Swansea Bay Health News: Hospital team discovers why a routine treatment for severe Covid-19 can fail Also posted here.

See also this thread

 

Already published first set of results of this survey on Twitter on Nattokinase brand comparisons and dosage - https://twitter.com/user/status/1579052732484575233

 

I can see absolutely no way this could spectacularly backfire.

 

Interesting result. Done and delivered quicker than it would take to sign the paperwork to get preliminary approval for a formal study. Even with dosage. Can't even think of a study that had such stark results.

In the early days, say the first year, of Long Covid, there was a flurry of experimentation with different drugs and Nattokinase is one of the few that stood the test of time, antihistamines being the other. Almost nothing else survived the experiment phase.

Variously I did see the odd mention of psychoactive drugs like SSRIs, but I basically saw all of them mentioned, none stood out, and it seems probably related to immunological processes, which IMO is likely the only relevant mechanism of action for all those drugs. The very name antidepressant is very misleading, a historical blunder.

 

How bizarre LongCovidPharmD going on about herxing in her replies.

 

I did a quick search for "herxing" on this site and our colleague site. Just a few hits here, mostly in relation to (feisty) historic discussion about some near-fatalities with the Marshall protocol. Lots of hits on PR. I wonder whether the term "herxing" has been more broadly adopted by patients. Language evolves to suit needs I guess.

A relatively recent review article: The Jarisch–Herxheimer Reaction After Antibiotic Treatment of Spirochetal Infections: A Review of Recent Cases and Our Understanding of Pathogenesis (2017) indicates that the mechanism is not understood, so maybe this effect might have a broader aetiology? It seems like an interesting aspect that would be good to understand more fully in the above context.

 

Social media moves more quickly than established systems for formal trials? Of course it does, that should be no surprise to anybody. And what should not surprise anybody is that a quick Twitter poll, which will be open to all kinds of bias, on the efficacy of an alleged treatment should not be put forward as being as reliable or as worthwhile as a formal study.

 

The term herxing comes from Lyme-patients I think. It's used to describe symptoms flaring from excessive die-off of Lyme-spyrochetes during treatment. As for the scientific basis of all of it I don't know, but I know it's used in that context.

 

The term herxing has been used for decades by ME/CFS patients. It has been used for every type of response, from taking supplements to medications, social media encourages people to continue the treatments b/c 'something' apparently is 'dying off'.

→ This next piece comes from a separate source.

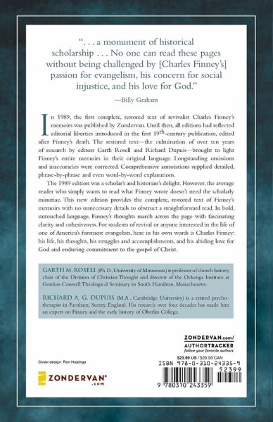 In 1989, the first complete, restored text of revivalist Charles Finney's memoirs was published by Zondervan. Until then, all editions had reflected editorial liberties introduced in the first 19th-century publication, edited after Finney's death. The restored text---the culmination of over ten years of research by editors Garth Rosell and Richard Dupuis---brought to light Finney's entire memoirs in their original language. Longstanding omissions and inaccuracies were corrected. Comprehensive annotations supplied detailed, phrase-by-phrase and even word-by-word explanations. The 1989 edition was a scholar's and historian's delight. However, the average reader who simply wants to read what Finney wrote doesn't need the scholarly minutiae. This new edition provides the complete, restored text of Finney's memoirs with no unnecessary details to obstruct a straightforward read. In bold, untouched language, Finney's thoughts march across the page with fascinating clarity and cohesiveness. For students of revival or anyone interested in the life of one of America's foremost evangelists, here in his own words is Charles Finney: his life, his thoughts, his struggles and accomplishments, and his abiding love for God and enduring commitment to the gospel of Christ.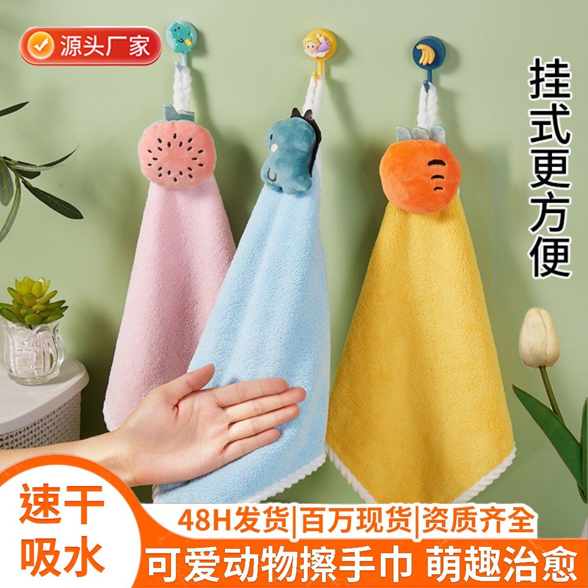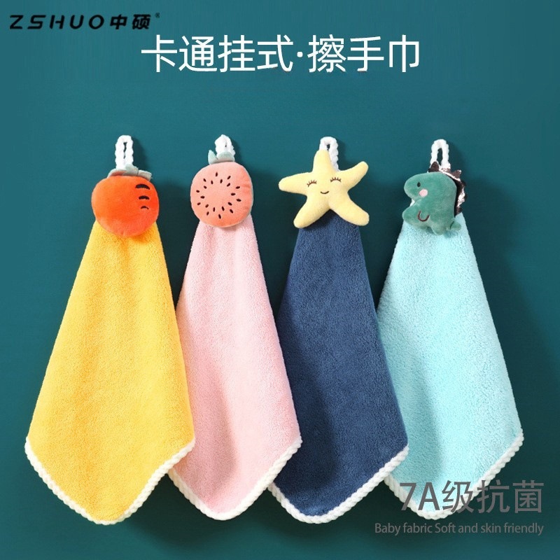 吊り式タオル卸売り家庭用キッチンコーラルタオル吸水漫画子供掛けタオル雑巾工場

An immune response if not the same as die-off, in fact it can make you worse.

 

Regular academia is capable of moving this quickly, it's pretty much the norm in early stage research. Getting research grants to do RCTs is not supposed to be the first step in research, a problem with chronic illness research is that no one has discretionary budgets they can use for it to do this kind of quick iterative work.

This is hypothesis-generation. It's supposed to be quick. RCTs are supposed to follow much later, when there is a firm hypothesis that deserves to be tested rigorously. This here is supposed to be how it works, we just don't have it, there is not a single tenured professor of chronic illness that can use their own departmental resources to do this kind of work. The pragmatic trial paradigm is basically 99% waste when used to generate hypotheses.

That's the whole issue with NIH and not funding exploratory research. They usually come in long after this preliminary work has been done. We just never had anyone allowed to do it, so here someone is just going ahead and doing it.

 

No, it's not. It is encouraging desperate sick people to take something that they think is a treatment, and to report back in order to influence other people as to what the 'right' dose is. It's unethical and dangerous. We've seen it before with various 'cures', and no doubt will see it again, but let's not try to paint it as something it isn't.